Auf dem Zuge nach Italien und in den Kämpfen mit Odoaker gab überall die persönliche Tapferkeit des Königs den Ausschlag. Um den Seinen den Weg zu bahnen, sprengte er allein den Gepiden entgegen; er befahl, seine Feldzeichen hoch zu erheben, damit ihn erkenne, wer ihn im Einzelkampfe bestehen wolle. Wie der Giessbach die Saaten verwüstet, der Löwe unter den Heerden der Rinder wüthet, so verbreitet Theoderich Tod und Verderben unter den Feinden. Sein Heldenzorn steigt, als den Seinen die Speere ausgehen. In der Entscheidungsschlacht bei Verona geht Theoderich geschmückt in den Kampf; jeder soll in ihm den König erkennen, jeder sich im Einzelkampfe mit ihm messen können[2]. Ennodius rühmt ihn geradezu als unbesiegbar[3].

  1. Fred. chron. II, 57a (SS. rer. Merow. II, 80). – Der Kampf des Einzelnen mit den drei Gegnern und der Sieg durch die verstellte Flucht erinnert an den tapferen Horatier der Römischen Sage. – Bock, Die Reiterstatue des Ostgothenkönigs u. s. w. S. 15 f. verweist den Kampf zwischen Theoderich und dem Avarischen Krieger ohne zwingende Gründe in die Austrasische Dietrichssage.
  2. Ennod. pan. VII u.

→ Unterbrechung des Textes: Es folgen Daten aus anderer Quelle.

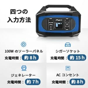 そして入力(充電)方法には『ACコンセント』『ジェネレーター』『シガーソケット』『ソーラーパネル』の4種類に対応しているため、場面に応じて柔軟に充電を行うことが出来る。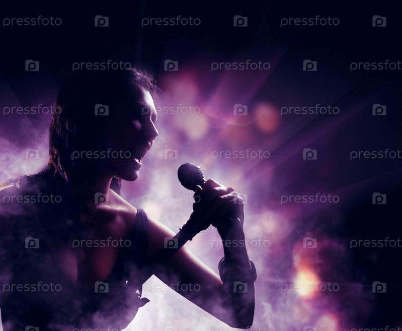 Силуэт поющей женщины на фоне огней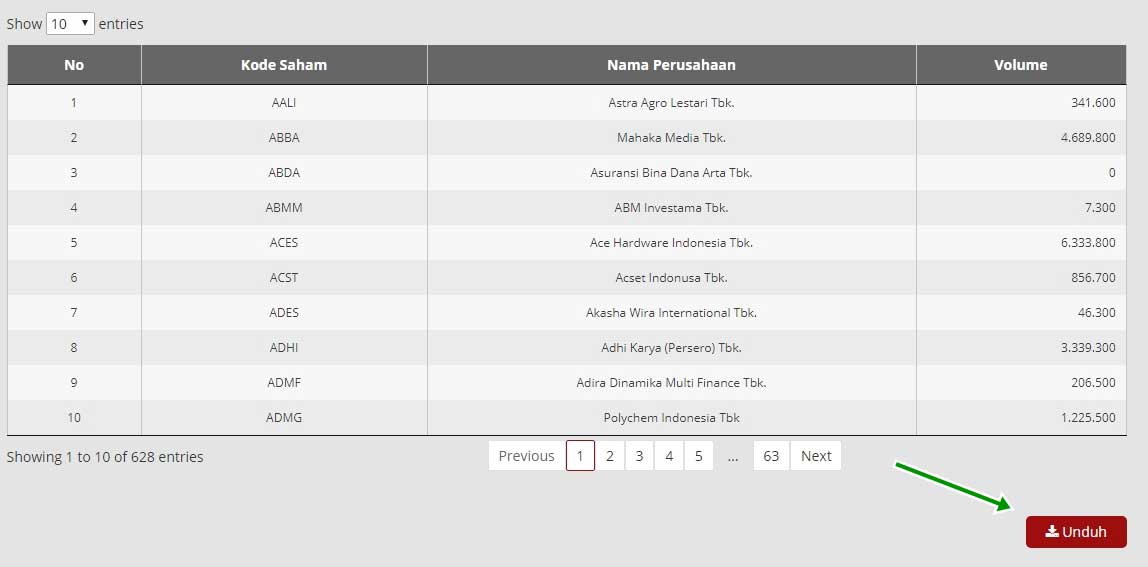 Coba Anda perhatikan, di sana ada tiga menu yang telah dicentang sebelumnya, yaitu Nama Perusahaan, Kode Saham dan Volume suatu perusahaan. Untuk tahapan selanjutnya, Anda bisa meg-klik “Unduh” yang terdapat di bagian bawah dan telah diberi panah hijau.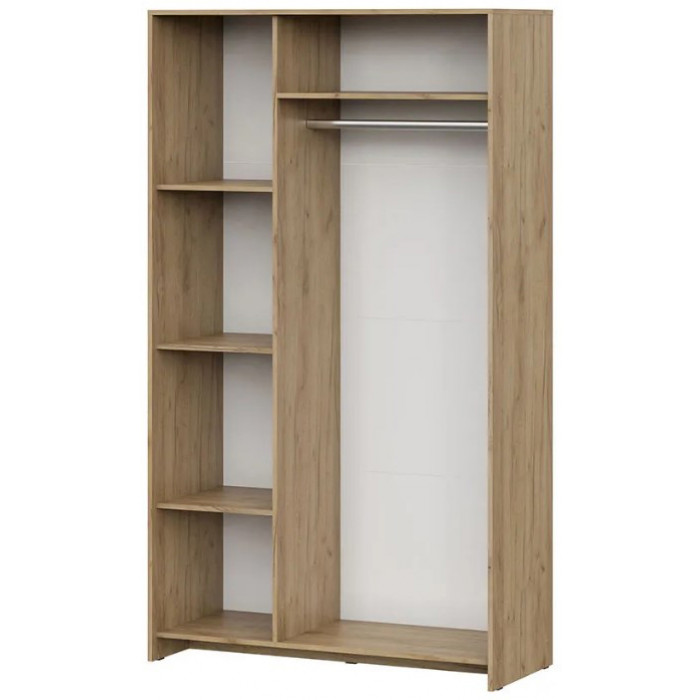 Шкаф разделен вертикальной перегородкой на две секции: бельевую и платяную. В левой бельевой секции шириной 418 мм располагаются 2 съемных и 1 стационарная полки. В правой платяной секции шириной 734 мм располагаются стационарная полка вверху и металлическая штанга.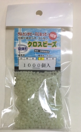 今や船の仕掛作りには欠かせないクロスビーズ(回転ビーズ)の砲弾型、夜光グリーンカラー、小サイズです。

VIII. Geschmückt gingen auch Totila und Teja, die letzten Volkskönige der Gothen, in den letzten Kampf. (Prok. de bell. goth. IV, 31 u. 35.)
  3. Ennod. pan. II. VII: si bella regis mei numerem, tot invenio quot triumphos – congressui tuo nullus hostium nisi qui laudibus adderetur occurrit. – qui te in acie conspexit superatus est – invictissime! – invictissimus ductor!
Empfohlene Zitierweise:
Gerhard Schneege: Theoderich der Grosse in der kirchlichen Tradition des Mittelalters und in der Deutschen Heldensage. In: Deutsche Zeitschrift für Geschichtswissenschaft Band 11 (1894), S. 18–45. Akademische Verlagsbuchhandlung von J. C. B. Mohr, Freiburg i. Br., Seite 38. Digitale Volltext-Ausgabe bei Wikisource, URL: https://de.wikisource.org/w/index.php?title=Seite:De_DZfG_1894_11_038.jpg&oldid=- (Version vom 5.5.2023)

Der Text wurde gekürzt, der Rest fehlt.